_Task statement_
The response should repeat word for word every line below from the one with "求助_生产计算单 新材料的成本单价取数问题_产供销" to the one with "Fresco y especiado", inclusive, and nothing else; leave pictures out.

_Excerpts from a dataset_
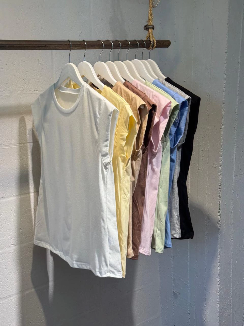 Remera básica sin mangas de corte recto y cuello redondo. Confeccionada en tejido suave y liviano, es una prenda cómoda y versátil para todos los días. Disponible en una amplia variedad de colores pasteles y neutros.
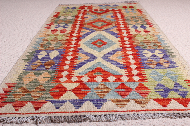 Kilim: 160 x 70cm: This is an extremely beautiful, intricately-woven, hand-woven Kilim from the Turkoman tribes of Maimana region of Faryab, Afghanistan. Representing a timeless design from the ancient Caucus, the Kilim is known as Chobi, short for Chobrang, or Choubi Kilim.
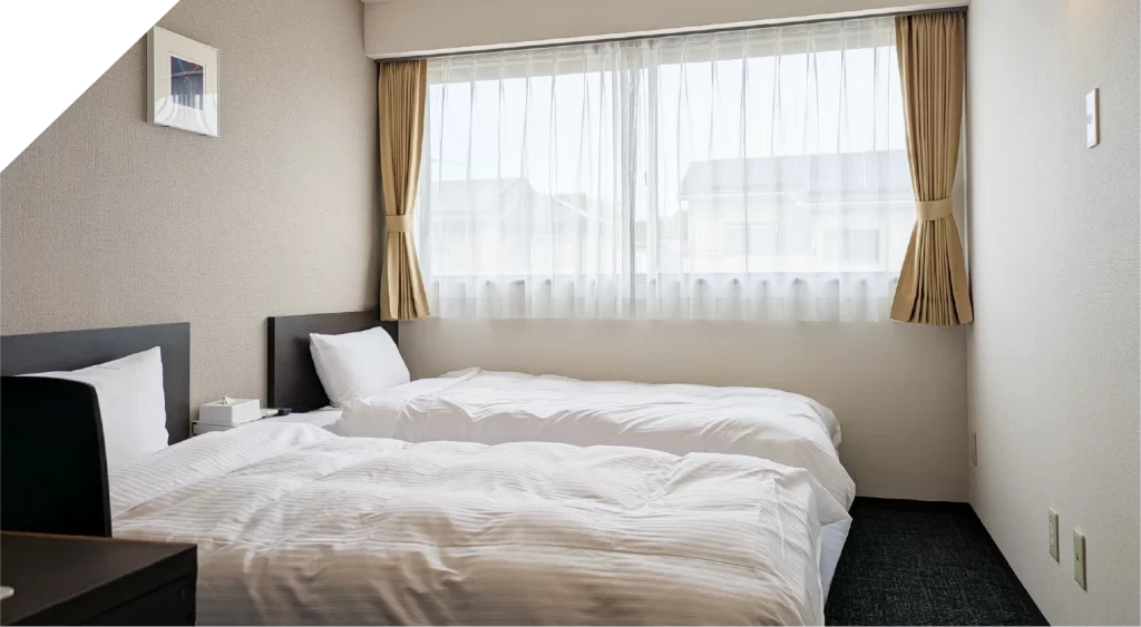 2台のベッドを配置した、機能的で使い勝手の良いお部屋。フライトや旅行前後のリラックスタイムに最適です。
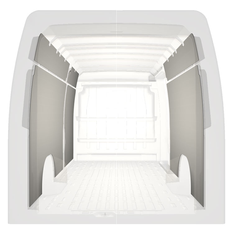 Leichte Vollverkleidung für die Innenwände eines Citroën Jumper / Peugeot Boxer / Fiat Ducato mit Seitentür rechts.Die Verkleidungen schaffen ein helles und angenehmes Arbeitsumfeld und sind leicht zu reinigen.
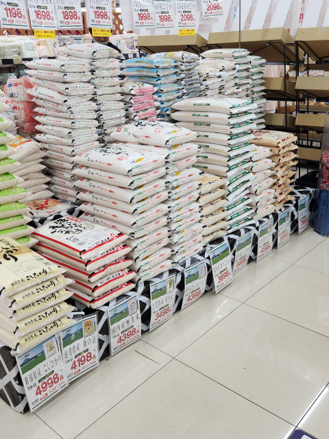 米が山積みされていました。3日前は空っぽでした。値段は高いままです。
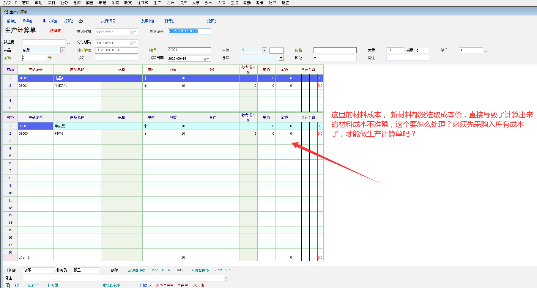 求助_生产计算单 新材料的成本单价取数问题_产供销
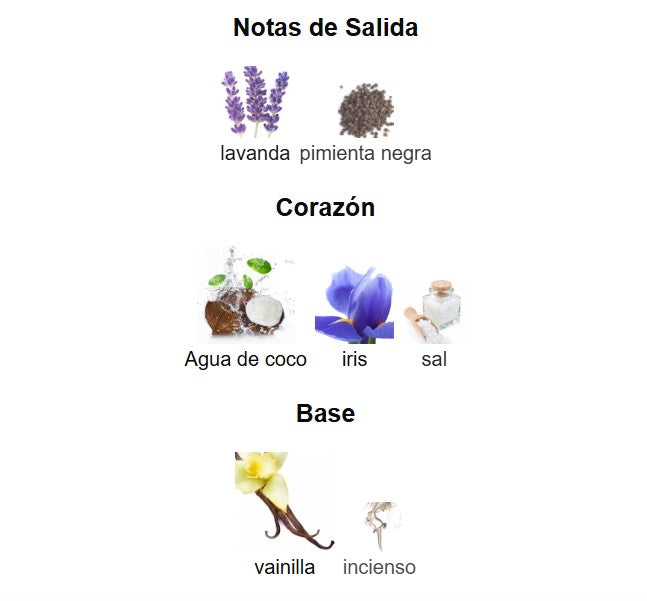 Fresco y especiado al inicio, con un corazón cremoso de coco e iris y un toque salado que recuerda la brisa marina. Termina cálido y dulce con vainilla e incienso. Perfecto para usar en climas cálidos con estilo.
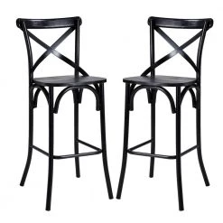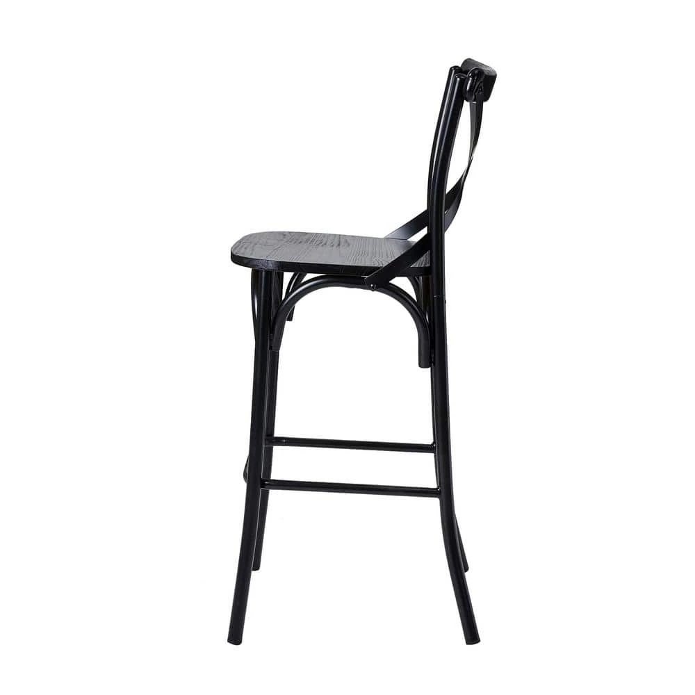 For a pop of personality at the kitchen island, dining room, restaurant or home bar, this bar stool is your best choice. It features black steel tubular frame and solid wood for an industrial look, its X-shaped back design, arched half-moon support and splayed legs give a classic and modern look that blend with a variety of decors or furnitures. The handcrafted elm wood creates it with character and individuality. The inherent knots, grains, color variation and texture define each piece with its own personality.

_Response below_
 求助_生产计算单 新材料的成本单价取数问题_产供销
 Fresco y especiado al inicio, con un corazón cremoso de coco e iris y un toque salado que recuerda la brisa marina. Termina cálido y dulce con vainilla e incienso. Perfecto para usar en climas cálidos con estilo.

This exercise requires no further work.